The Mel Blount Youth Home was a youth home for boys located in Buffalo Township, Washington County, Pennsylvania. It is located on 246 acres of farmland near Claysville, Pennsylvania. Students attend nearby McGuffey School District. Blount hosts an annual All Star Celebrity Roast, featuring many of his former Pittsburgh Steelers teammates, as a fundraiser.
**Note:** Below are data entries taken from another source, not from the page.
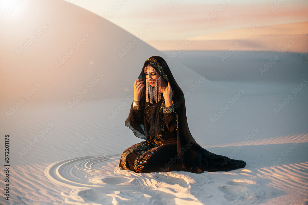 A mysterious woman in a black long dress sits in the desert. Luxurious clothes, gold accessories hide the face. Oriental beauty fashion model. Sand dunes background, orange sunset . Art Fantasy photo
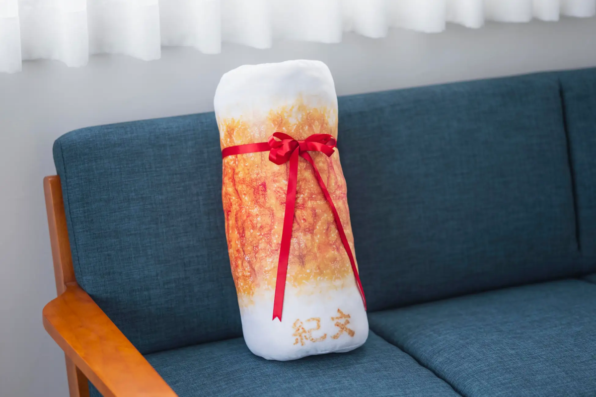 這款由紀文食品與日本出版社ワニブックス聯手推出,以紀文長年熱銷 52 年的經典商品「竹輪」為原型製作,尺寸相當於約 40 根竹輪的超豪華加大版,大小約50cm × 20cm。還附贈一本介紹竹輪小知識與員工私藏食譜的小冊子。
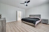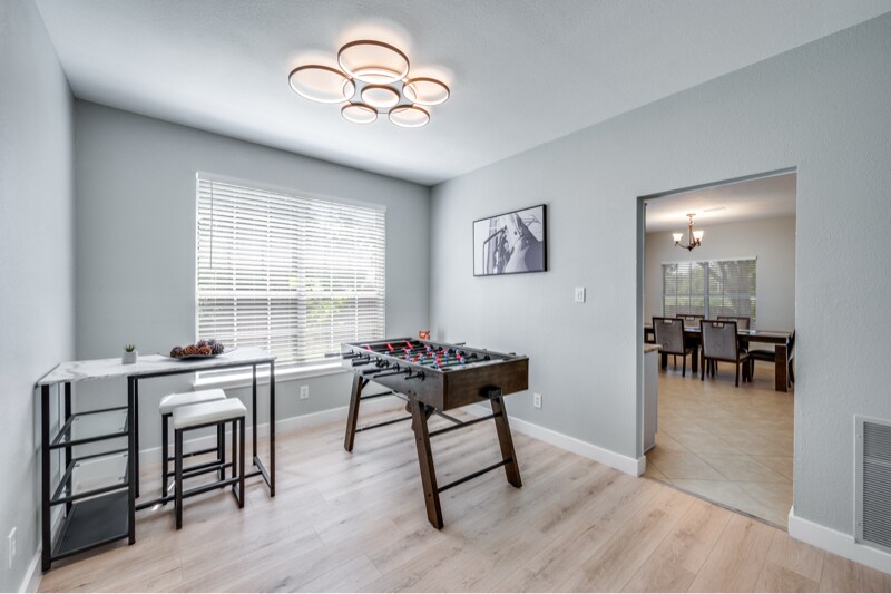 Property Id: 2160039 This two-story house offers a roomy, relaxed layout with five full bedrooms and two and a half baths, spread over 2,640 square feet. It's set on a corner lot in a cul-de-sac, which adds peace and privacy. Inside, you'll find updated laminate floors throughout and a layout made for both hanging out and having guests over. The living room features an oversized sectional couch, a smart TV, a coffee table, and an ornamental fireplace that adds enough character without fussiness. The kitchen is fully open to the dining area and comes ready with granite countertops, stainless steel appliances, and tons of cabinet space. The dining area seats six comfortably and sits right by a window for natural light. If you're into game nights or just need a bonus hangout zone, there's a game room with a foosball table and a table for two, plus an upstairs loft with another smart TV, a couch, and even a bean bag chair for kicking back.The main bedroom is on the ground floor and has a king-sized bed.

Blount experienced a difficult process in securing zoning approval from the Buffalo Township Supervisors. Opponents of Blount's plan claimed that the boys posed a threat to the community. The opposition centered on a "Concerned Citizens" group and the local chapter of the Ku Klux Klan. Incidents began with flyers being circulated, eventually growing to shots being fired into the home the day before Blount's 1989 induction into the Pro Football Hall of Fame. During his induction speech, he specifically cited the racist attitudes of some in the community and Buffalo Township Supervisors. Later, 2 men from Claysville were arrested in connection to the shooting. While the zoning application was pending, the Klan announced that they would be holding a "standard rally" in protest, including a "cross-lighting ceremony." A Township Supervisor said that the Klansmen did not represent the community, and that they had come from outside of the community. The announcement spurred local labor groups, NAACP, and State Representative Leo Trich to hold counter-protest. In the end, the youth home was completed in early 1990.

During the 1990s, questions arose about the use of corporal punishment at the youth home, leading to an investigation by Allegheny County, Pennsylvania officials.

After 2014, the home was no longer used for long-term residence. Currently it hosts weekend and day camp programs.